= Steve Hayes (businessman) =

English businessman

Steve Hayes is an English businessman, and was the owner of Aviva Premiership rugby union side London Wasps.

== Business career ==
Originally a double glazing salesman, Hayes also worked for his father-in-law selling secondary mortgages.

In 1997 with David Cowham he founded loans.co.uk, a Watford headquartered finance broker. Hayes became Chief Executive, expanding the firm to become the UK's then leading finance broker, on an earnings package of £5.5million in 2004/2005. In June 2005, Cowham and Hayes sold loans.co.uk to MBNA for an undisclosed amount, reported to be worth £50million to each partner.

==Club ownership==
===Wycombe Wanderers===
Hayes became a 25% shareholder in Wycombe Wanderers through an initial £250,000 investment in June 2004, when the football club became a plc. He later became managing director.
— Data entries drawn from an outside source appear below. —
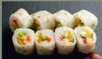
Végétarien 6,80€ (3) Omelette, radis japonais, avocat, menthe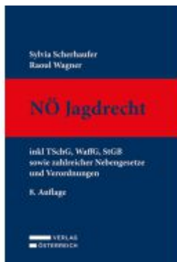
Nö Jagdrecht Ladenpreis: 189,00EUR

Wir haben andere Produkte gefunden, die Ihnen gefallen könnten!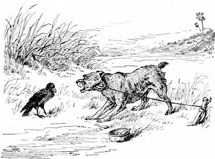
A FURFANGOS HOLLÓ.

Egy napon a gazda kivezette kutyáját a majorság szomszédságában levő földre. Valami értékes veteménye volt ott s úgy gondolta, hogy az éber eb az ő mérges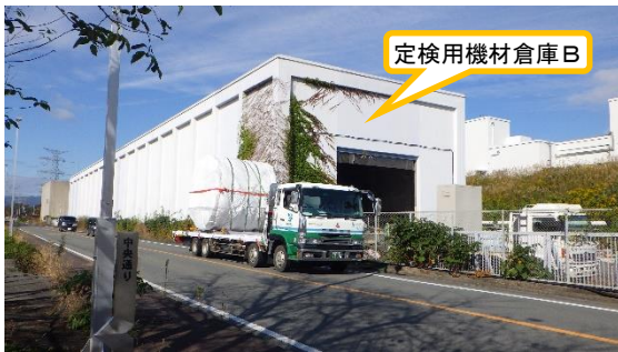
(写真2-2) 定検用機材倉庫Bへの運搬状況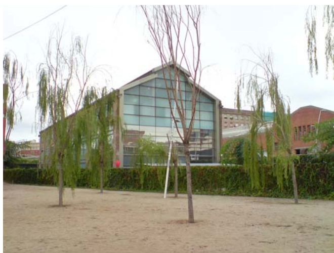
Slika 7.4 Parc Central del Poblenou.

Dvomimo v to, da bo kdaj uspel postati kaj več kot naključno mesto srečevanj. Konkurencu mu delajo zelene površine bližje plaži in Rambla del Poblenou.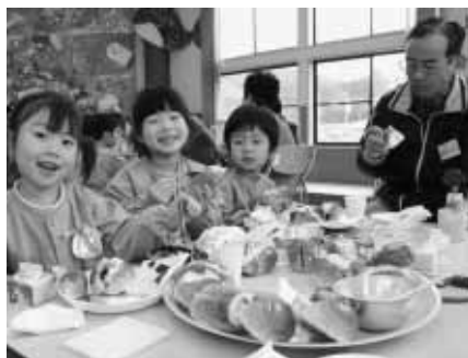
とてもおいしく、 楽しく作ることができました!!

In July 2009, following a shareholders' meeting, he took full ownership of Wycombe Wanderers, in the process writing off £3m of the club's debt to him in exchange for shares. In June 2012 the Wycombe Wanderers Trust bought the club from Steve Hayes.

===London Wasps===
Hayes bought an 11.6% stake in London Wasps Holdings Ltd in August 2007, and became chairman of Lawrence Dallaglio's benefit committee. In December 2008, Hayes bought Chrysalis Records founder Chris Wright's controlling interest and John O'Connell's shareholding in London Wasps to take complete control.

In June 2012, a consortium led by former London Wasps player Ken Moss purchased the rugby club from Hayes.